The skill inspects datasets to detect common problems: missing or malformed values, inconsistent types, duplicate records, outliers, and encoding or string issues. It provides methods for recovery such as imputation, deletion, chunked processing for large files, type conversion strategies, and validation against expected schemas. It also suggests error handling steps for memory limits and encoding mismatches.

When to use it

  • Before exploratory data analysis or modeling to ensure input quality
  • When you receive messy or unknown-format datasets from external sources
  • During ETL pipelines to enforce consistent downstream data
  • When encountering frequent type conversion, encoding, or memory errors
  • Prior to reporting or BI dashboards to avoid misleading summaries

Best practices

  • Profile data first to quantify missingness, distributions, and duplicates
  • Prefer reproducible, programmatic cleaning steps over manual edits
  • Use sampling or chunking for very large datasets to avoid memory errors
  • Validate cleaned data against a schema and log assumptions and imputation
  • Treat string normalization and encoding early to prevent downstream bugs

Example use cases

  • Imputing missing demographic fields before building a customer churn model
  • Removing duplicate rows and normalizing categorical labels for reporting
  • Detecting and capping outliers in transaction amounts to stabilize modeling
  • Converting and validating date and numeric formats from CSV imports
  • Chunked processing of multi-gigabyte logs to handle memory constraints

FAQ

How do I choose between imputation and deletion for missing values?
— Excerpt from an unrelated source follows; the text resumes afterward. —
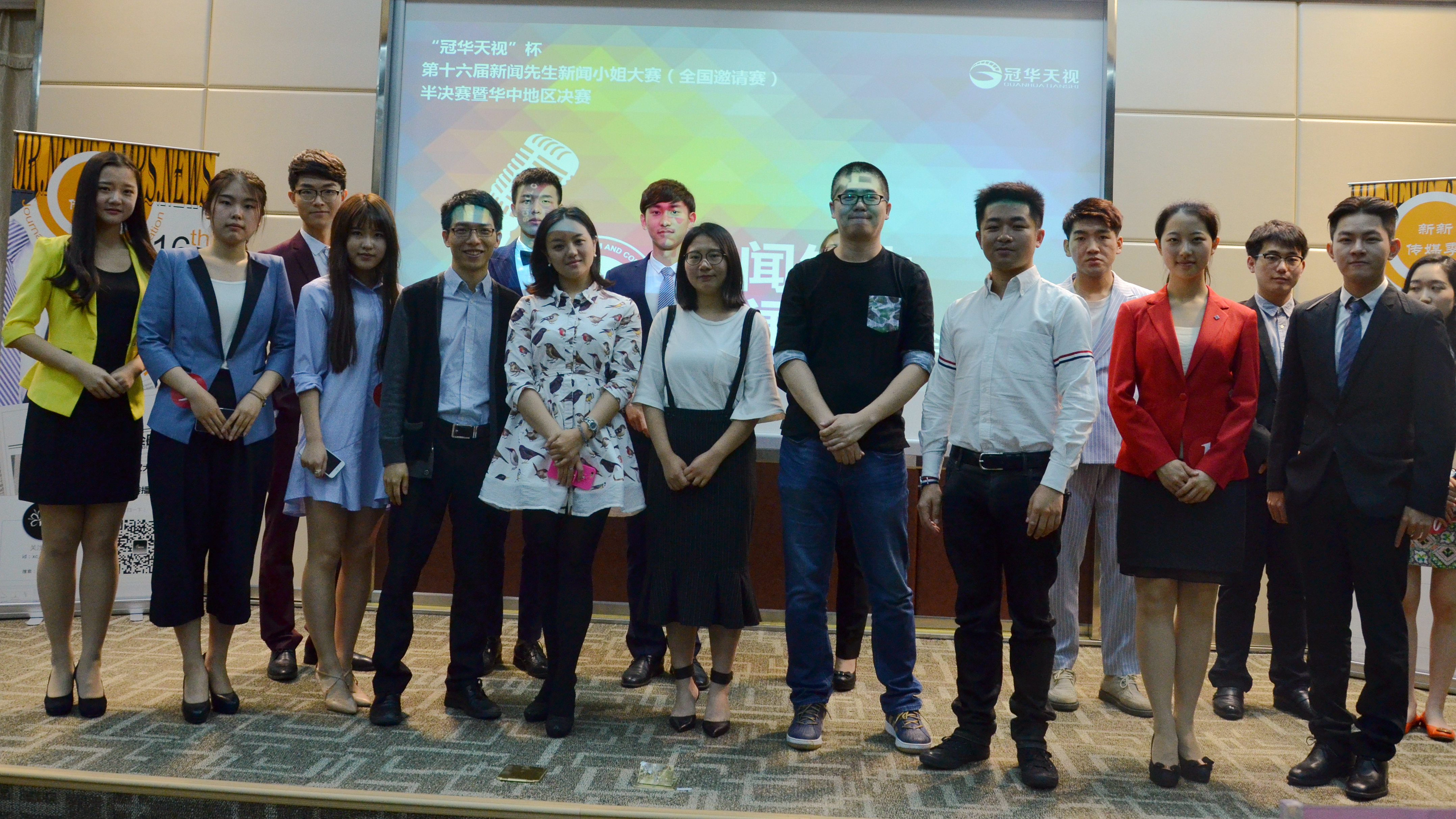 2016年5月21日下午14:40,“冠华天视杯”第十六届新闻先生新闻小姐大赛(全国邀请赛)——华中地区决赛暨全国半决赛在太阳成集团tyc234cc三楼新报告厅举行。经过三轮近三个小时的激烈角逐,来自华中科技大学的陈艺最终以79.75的总分获得第一名。紧随其后与她一同进入全国总决赛的另外五名同学分别是黄泫博(华中师范大学)、张宁(太阳成集团tyc234cc)、高嘉潞(太阳成集团tyc234cc)、李春剑(太阳成集团tyc234cc)和赵世东(华中师范大学武汉传媒公司)。

Decide based on missingness mechanism and impact: delete when missingness is small and random; impute when preserving sample size matters or missingness is systematic. Document the choice and test downstream effects.

What if type conversion fails at scale?

First profile offending rows to identify patterns, then apply targeted preprocessing (e.g., strip non-numeric characters, fix encodings). For large files, run conversions on sampled chunks before full-scale processing.